Joe Hall (born Hans Joachim Boenke; May 15, 1947 – March 22, 2019), was a German-Canadian folk rock singer-songwriter.

==Biography==

Hall was born in Wuppertal, Germany, the son of Johann Boenke and Johanna Maria Zeirmann. He grew up in London, Ontario, Canada, and by the 1960s had begun performing in a trio, Drummond-McCaul, with pianist, Daryl LeBerg and guitar player, Bill Williams, and by the mid-1960s had begun performing and touring with another band, the Eyeball Wine Company with Roger Brant on bass and George Dobo on guitar and piano. An album, Joe Hall and the Eyeball Wine Company, was recorded in 1972 and released as a CD many years later. An earlier record, produced by Bob Ezrin, was never released. His first release was an album entitled H J Boenke, his birth name, produced by Hall and his longtime collaborator, Tony Quarrington, and engineered by Daniel and Bob Lanois, in 1976. Also playing on the album were George Dobo, keyboards; Roger Brant, bass; Mike Boyer (of the Humble Sponge), drums, and Joe Mendelson, "demented steel". The album was actually Volume 5, Number 2 of Impulse, a Canadian arts magazine edited and published by Eldon Garnet, a frequent collaborator of Hall’s in diverse realms including performance art and garden variety absurdity. In the 1970s and 1980s he led a new band, Continental Drift, composed of Hall, Tony Quarrington on guitar, George Dobo on keyboards, and additionally Paul Quarrington on bass and Martin Worthy on drums, based in Toronto, and released several more albums. Many of his later records were released independently and included new incarnations of the continental drift with J.P. Hovercraft on bass and no one at all on drums. Hall collaborated with Willie P. Bennett as well as Continental Drift members Tony Quarrington and J.P. Hovercraft as “The Screaming Vegetables” on two independent releases in the 90’s.

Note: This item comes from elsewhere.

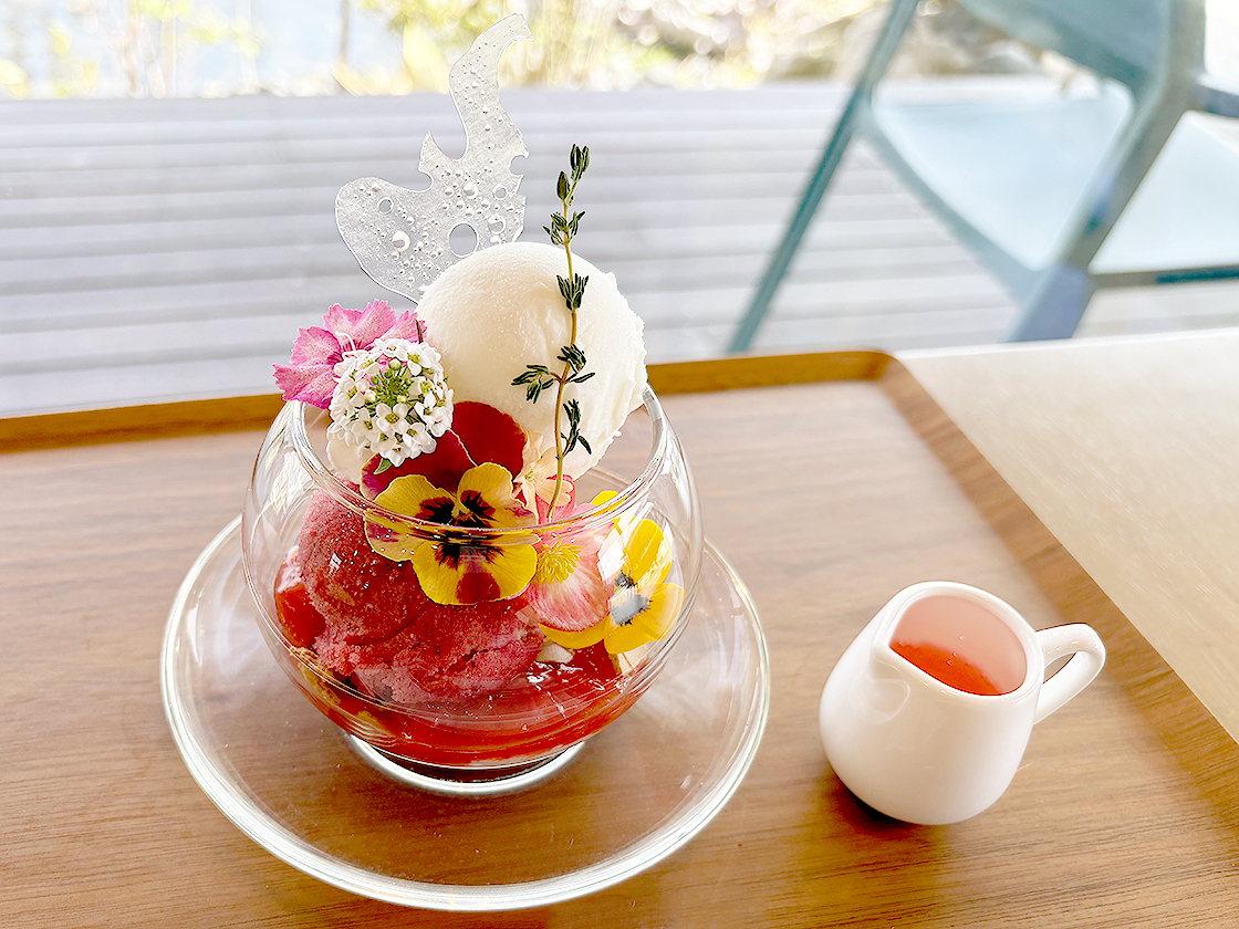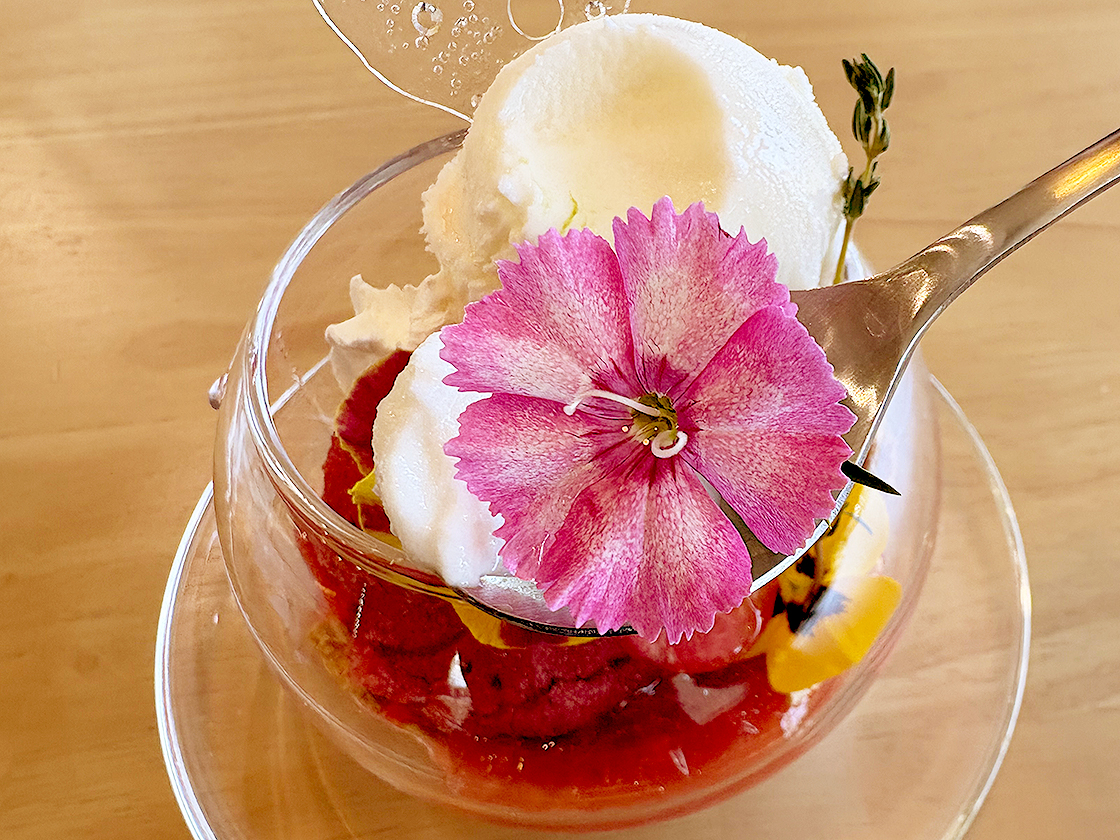 食べられるお花“エディブルフラワー”を大胆に使ったパフェは、とっても華やか♪

As well as his songs, Hall became noted for his "eccentric and often very funny stage chatter". One obituary commented on his performances: "From his then-considered daring stage apparel (a kilt-like skirt with workboots and oversized flowing bow tie, for example...) to his Zappaesque monologues and asides during songs, he seemed to do whatever came to mind with no regard for decorum or convention, his aim solely on the integrity of his artistic expression."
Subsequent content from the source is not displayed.